==== Supplied material

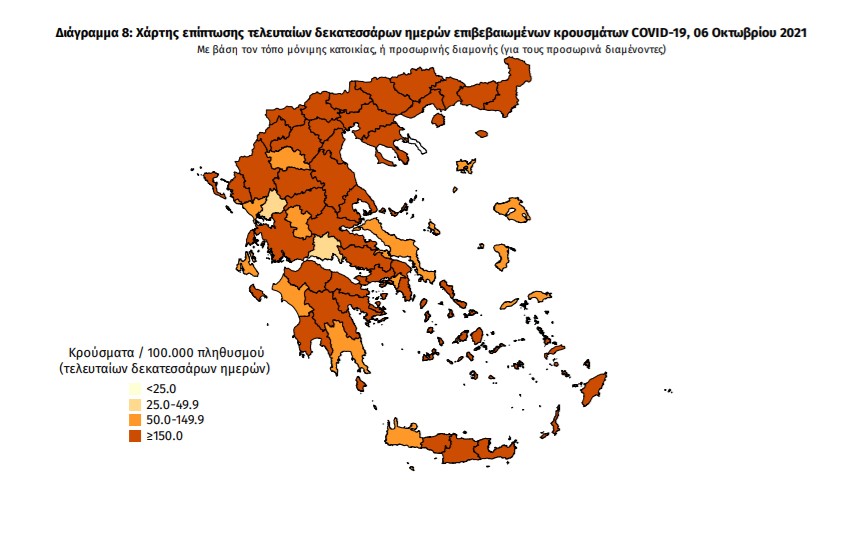 Οι νέοι θάνατοι ασθενών με COVID-19 είναι 21, ενώ από την έναρξη της επιδημίας έχουν καταγραφεί συνολικά 15.012 θάνατοι. Το 95.4% είχε υποκείμενο νόσημα ή/και ηλικία 70 ετών και άνω.
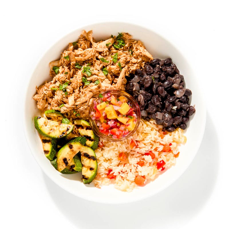 The star of the bowl is the juicy, shredded chicken, seasoned with a blend of spices like cumin, chili powder, and garlic, then simmered until it’s melt-in-your-mouth succulent, with edges from a quick sear. On the side are grilled zucchini with black beans, and a bright mango salsa with jalapeño for a subtle kick.
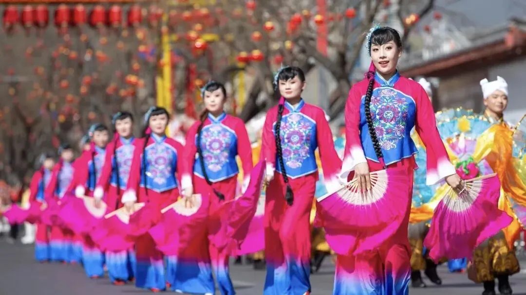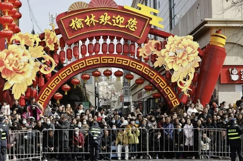 如果你选择在正月里走进榆林,就等于一头扎进了欢乐的海洋。从正月初一到十五,几乎每天都有来自全市12个县市区的秧歌队进城巡演。这可不是景区里那种定时定点、敷衍了事的表演,更不是一群人晃晃悠悠的散步游街——而是每个县最顶尖的“艺术家”们、最有朝气的年轻人们,用最质朴的热情和最精湛的技艺,为你献上的新春贺礼。那铿锵有力的腰鼓,那翻飞灵动的彩扇,那原生态的唢呐声,瞬间就能点燃你的血液。
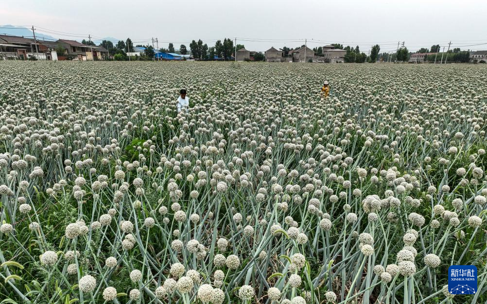 6月4日,河南省济源市克井镇农民在洋葱制种田里进行管护作业(无人机照片)。新华社发(苗秋闹 摄)
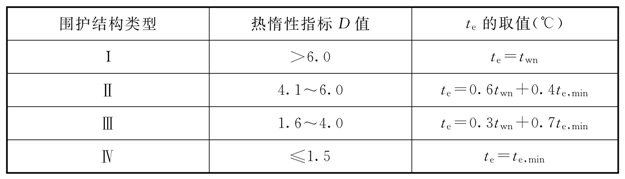 t e ——冬季围护结构室外计算温度(℃),按表5.1.6-2采用;
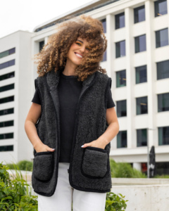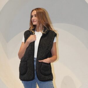 Dark grey Merino wool vest – a practical and versatile choice for both men and women. Made from natural Merino wool, it keeps you warm, allows the skin to breathe, and helps maintain a comfortable body temperature in various weather conditions.
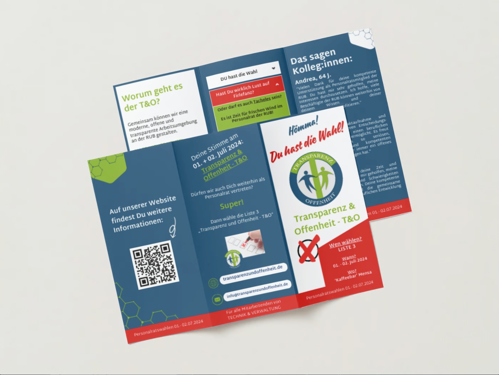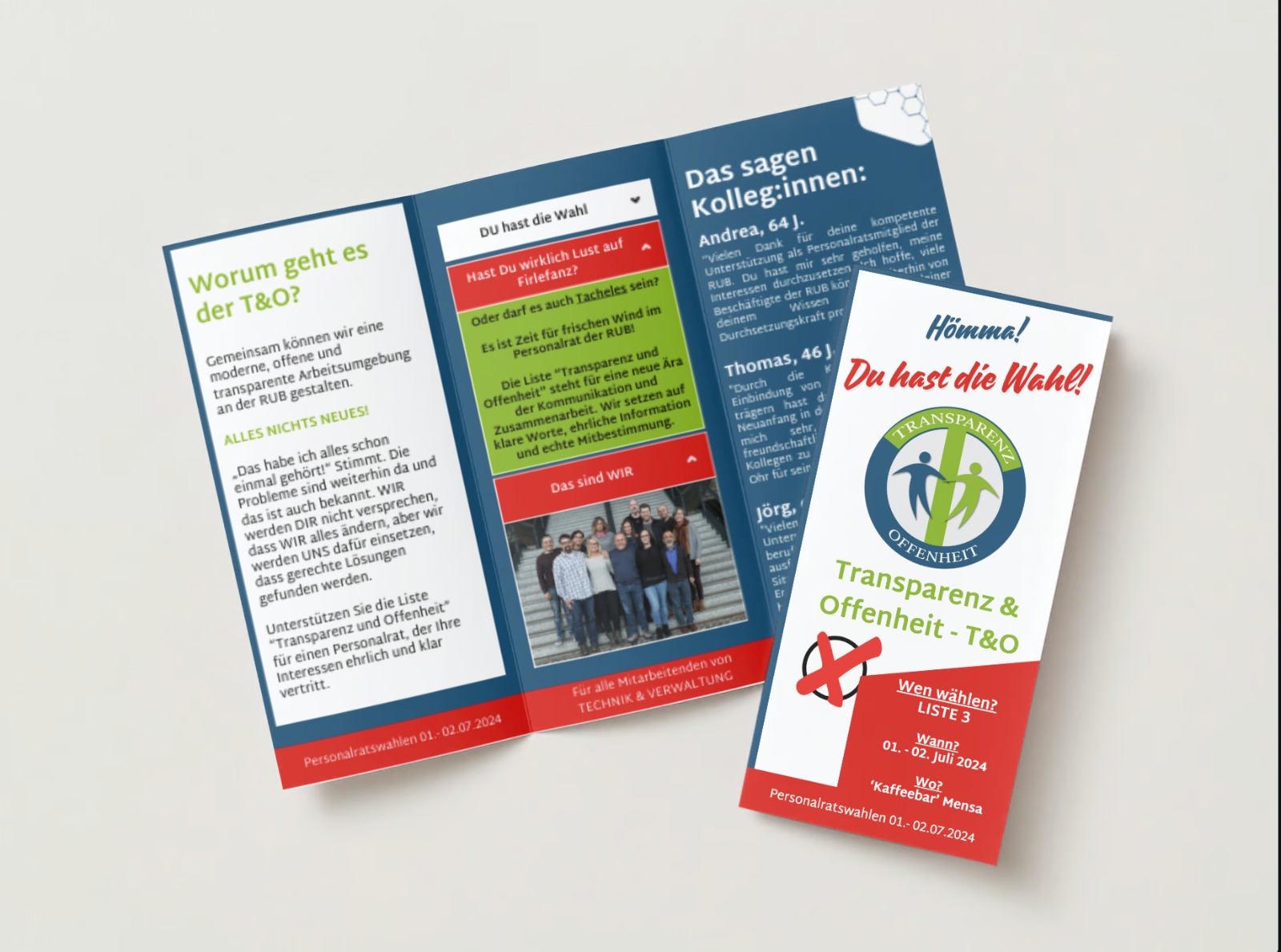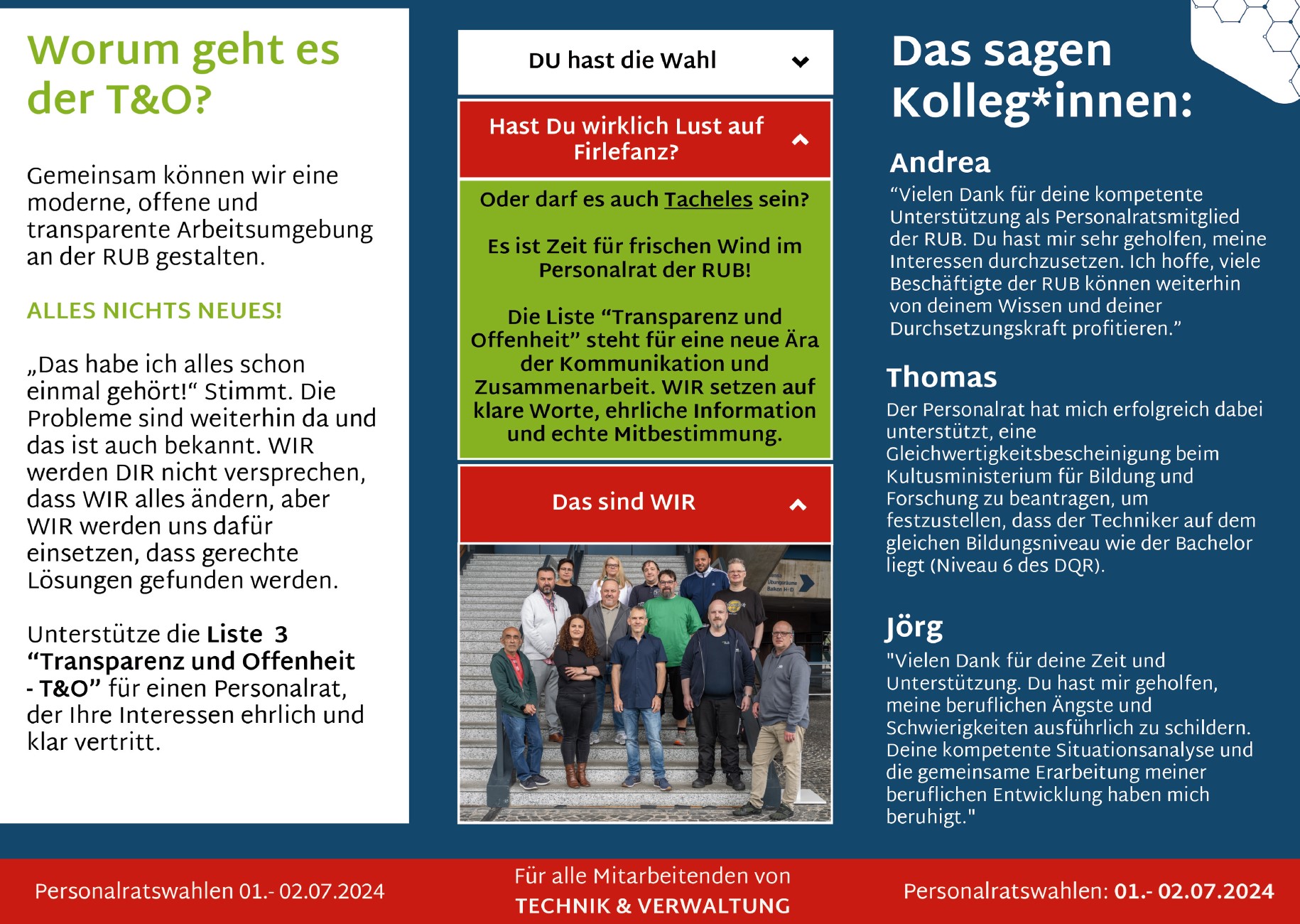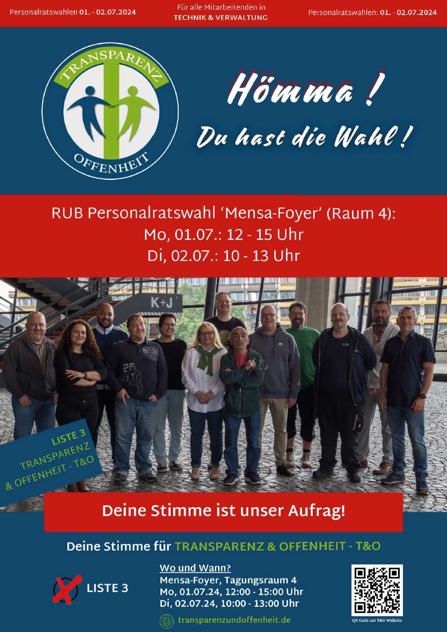 Als Team „Transparenz und Offenheit“ treten wir bei den PR-Wahlen 2024 an. Seit 2016 sind WIR dank eurer Unterstützung im Personalrat aktiv und mit unserer langjährigen Erfahrung setzen WIR UNS engagiert für eine transparente und ehrliche Vertretung aller Mitarbeiter*innen ein. Unsere LISTE 3 „Transparenz und Offenheit – T&O“ findet ihr auf dem Wahlzettel unter Liste 3.
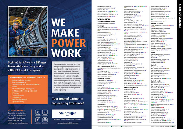 134 • AFRICAN MINING SUPPLIERS DIRECTORY 2025 www . africanmining . co . za • www . mining . co . za • www . MTEexpos . co . za

========

-- Work order --
From the first line to the last, return the material above exactly, apart from the pictures.

-- Response --
 Οι νέοι θάνατοι ασθενών με COVID-19 είναι 21, ενώ από την έναρξη της επιδημίας έχουν καταγραφεί συνολικά 15.012 θάνατοι. Το 95.4% είχε υποκείμενο νόσημα ή/και ηλικία 70 ετών και άνω.
 The star of the bowl is the juicy, shredded chicken, seasoned with a blend of spices like cumin, chili powder, and garlic, then simmered until it’s melt-in-your-mouth succulent, with edges from a quick sear. On the side are grilled zucchini with black beans, and a bright mango salsa with jalapeño for a subtle kick.
 如果你选择在正月里走进榆林,就等于一头扎进了欢乐的海洋。从正月初一到十五,几乎每天都有来自全市12个县市区的秧歌队进城巡演。这可不是景区里那种定时定点、敷衍了事的表演,更不是一群人晃晃悠悠的散步游街——而是每个县最顶尖的“艺术家”们、最有朝气的年轻人们,用最质朴的热情和最精湛的技艺,为你献上的新春贺礼。那铿锵有力的腰鼓,那翻飞灵动的彩扇,那原生态的唢呐声,瞬间就能点燃你的血液。
 6月4日,河南省济源市克井镇农民在洋葱制种田里进行管护作业(无人机照片)。新华社发(苗秋闹 摄)
 t e ——冬季围护结构室外计算温度(℃),按表5.1.6-2采用;
 Dark grey Merino wool vest – a practical and versatile choice for both men and women. Made from natural Merino wool, it keeps you warm, allows the skin to breathe, and helps maintain a comfortable body temperature in various weather conditions.
 Als Team „Transparenz und Offenheit“ treten wir bei den PR-Wahlen 2024 an. Seit 2016 sind WIR dank eurer Unterstützung im Personalrat aktiv und mit unserer langjährigen Erfahrung setzen WIR UNS engagiert für eine transparente und ehrliche Vertretung aller Mitarbeiter*innen ein. Unsere LISTE 3 „Transparenz und Offenheit – T&O“ findet ihr auf dem Wahlzettel unter Liste 3.
 134 • AFRICAN MINING SUPPLIERS DIRECTORY 2025 www . africanmining . co . za • www . mining . co . za • www . MTEexpos . co . za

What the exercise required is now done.